Je me suis longuement demandé quelles conséquences pouvaient avoir ces «révélations» – la plupart de ce que Edward Snowden a mis au jour était, en réalité, déjà bien renseigné plusieurs années auparavant. A mon sens, leur effet principal, c’est que ces pratiques, qui auparavant étaient illégales, sont aujourd’hui conduites de manière complètement légale. Elles n’ont donc pas stoppé la surveillance, mais l’ont fait entrer dans le droit commun.
Autre chose m’a frappé : les lanceurs d’alerte comme Edward Snowden ou WikiLeaks fonctionnent exactement selon la même logique que les agences d’espionnage dont ils dénoncent les pratiques. Ils partagent une même croyance qu’une information est cachée, et qu’il suffirait de la révéler à la lumière pour que tout redevienne normal. C’est la même logique que partagent les associations environnementales, qui sont persuadées qu’il suffirait de générer toujours plus de données sur les perturbations du climat pour faire changer la société.
Cela ne semble pas très bien marcher, à ce stade. Ce qui est la vérité et ce qui est scientifiquement connaissable, ce sont des questions d’épistémologie. Et c’est très différent de la quantité d’informations nécessaire pour agir – qui est le stade que nous aurions dû avoir franchi il y a bien longtemps. C’est encore une fois une manifestation de la pensée computationnelle, qui nous fait penser comme des machines et vouloir connaître l’ensemble des informations d’un problème avant d’agir.
Ce qui signifie qu’il faudrait accepter plus d’incertitudes, à l’égard du monde comme à l’égard de la technologie ?

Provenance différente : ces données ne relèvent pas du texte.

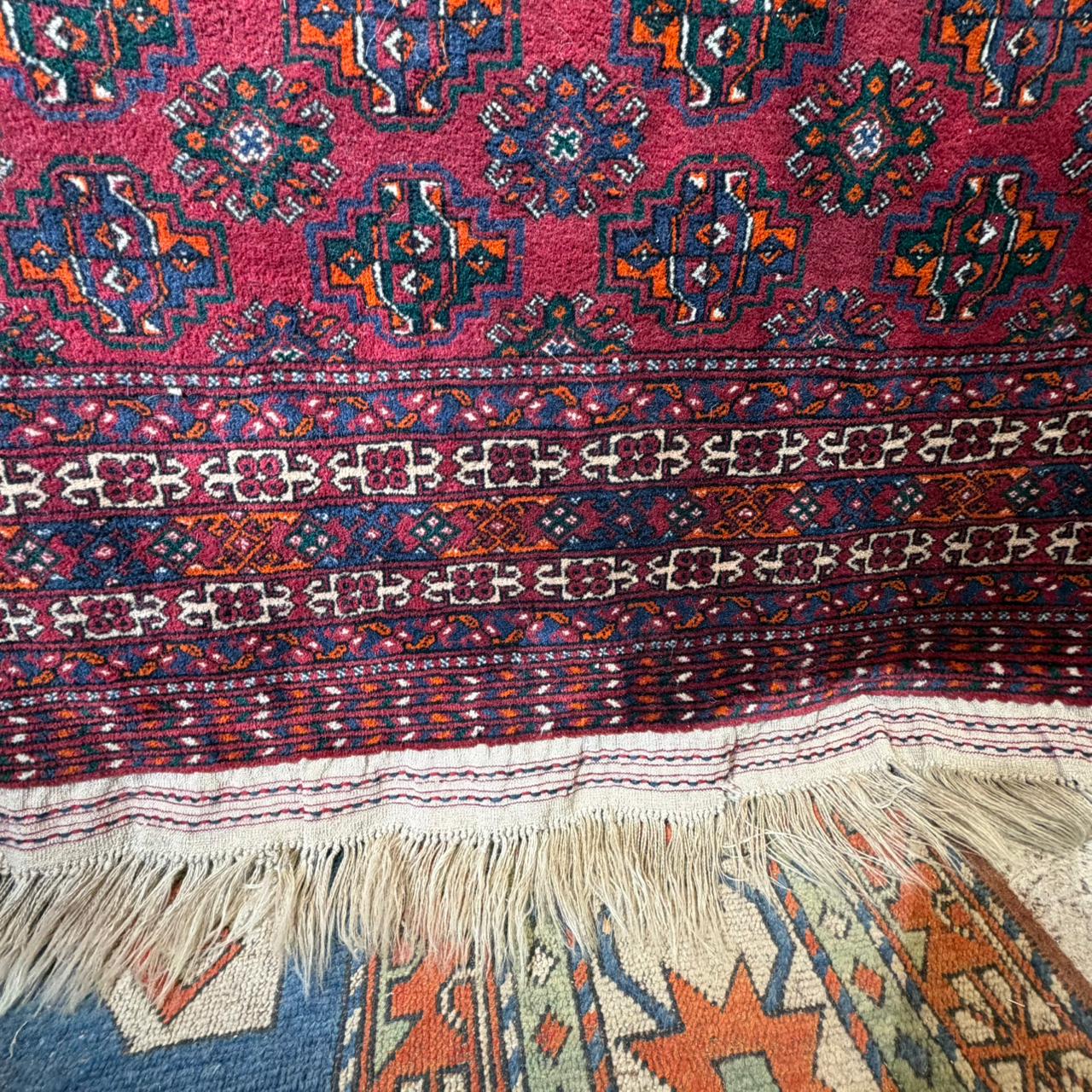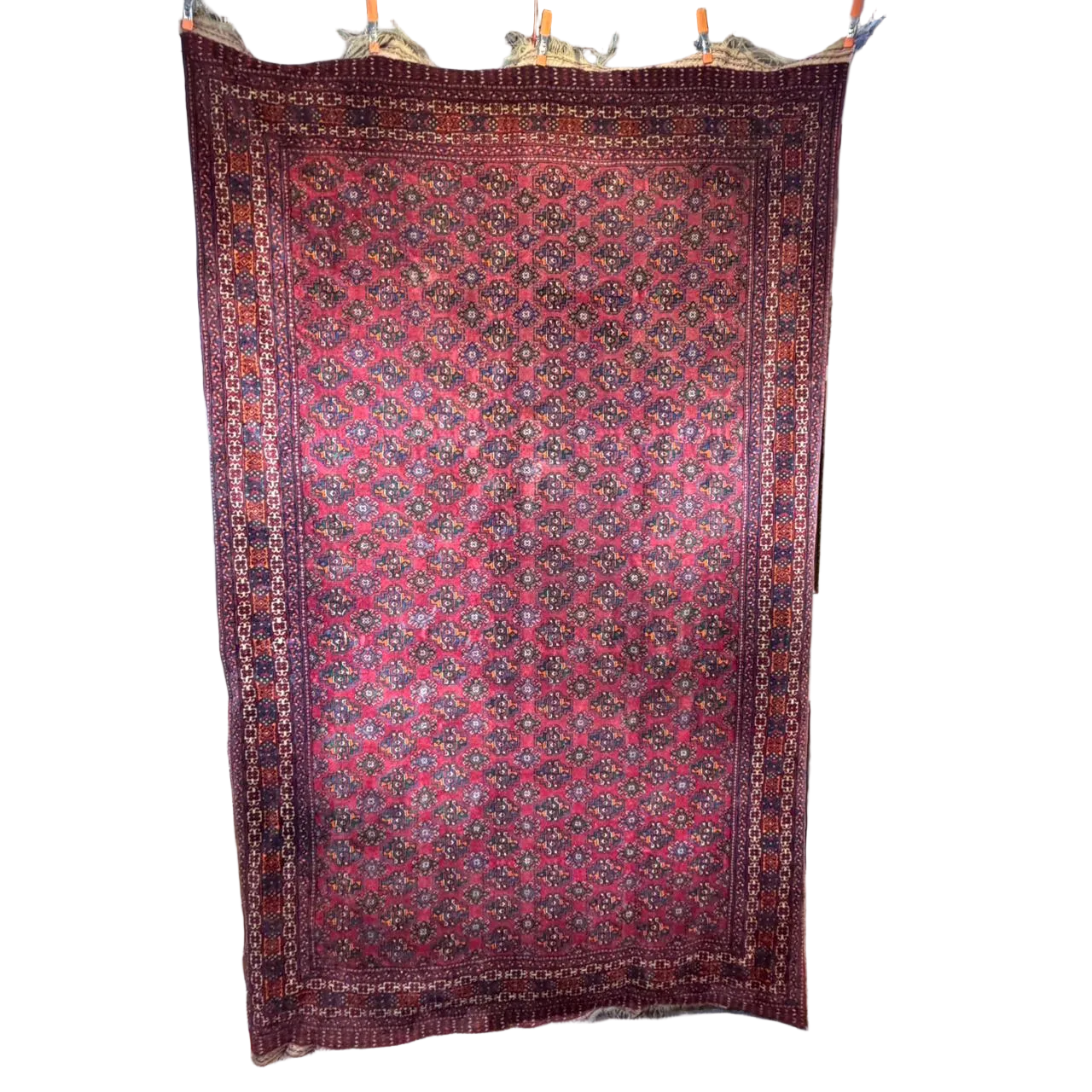 Hermosa alfombra de la tribu nómada Baluch (también se puede escribir Beluch, Balochi o Belochi) del noreste de Irán bordeando la frontera con Afganistán. Es una alfombra que se caracteriza por su especial suavidad debido a la técnica de nudaje particularmente compacto, lo que la vuelve más liviana y flexible. Se calcula que debe tener más de cuarenta años, sin embargo su excelente estado permite que pueda seguir utilizándose en salones y espacios amplios en general, donde se pueda apreciar su magnificencia. Es una pieza manufacturada, que destaca por el uso de pigmentos naturales, predominando el rojo y con pequeñas geometrías que acompañan todo el paño. La guarda juega con tonos azul cobalto y otros terrosos.

Il s’agit de reconnaître que notre compréhension du monde est toujours limitée, qu’il faut donc introduire des nuances dans les certitudes que l’on proclame. Cela change notre relation les uns aux autres, notre modèle politique mais aussi notre relation au monde. Parce que dans ce cas, on arrête de voir le monde comme une série de «problèmes» que l’on pourrait «résoudre», et on commence à l’envisager comme des situations que l’on pourrait essayer d’améliorer.
Un élément de la technologie que l’on peine à comprendre est le «cloud». Vous soulignez que cette métaphore peut être trompeuse… Mais aussi qu’elle est féconde.
Je déteste en même temps que j’adore ce terme. Le réseau informatique est appelé «nuage» parce que ainsi, vous n’avez pas besoin de réfléchir à ce qu’il est vraiment : cela sous-entend qu’il est le problème de quelqu’un d’autre. Or croire que l’infrastructure la plus essentielle dans la vie quotidienne de la plupart d’entre nous serait quelque chose dont nous n’avons pas à nous soucier me semble extrêmement dangereux. Elle ne fait que masquer le pouvoir de ce réseau, sa réalité environnementale, sociale, économique, et le fait qu’il ne s’agit pas d’un nuage mais d’usines d’ordinateurs qui pompent de l’électricité.
D’un autre côté, il y a quelque chose d’incroyablement beau dans le fait que nous avons choisi d’appeler, de manière inconsciente, l’entité la plus puissante de nos vies quotidiennes d’après les nuages, qui sont nébuleux et inconnaissables. C’est un bon rappel que malgré toutes nos idées sur l’efficacité et l’infaillibilité des ordinateurs, ils sont aussi un peu comme les conditions météorologiques : ils vont et viennent, font des choses que l’on ne comprend pas, et on ne peut pas tout prévoir de leur fonctionnement.
Un Nouvel Age de ténèbres. La technologie et la fin du futur, de James Bridle, aux éditions Allia, 320pp., 20€.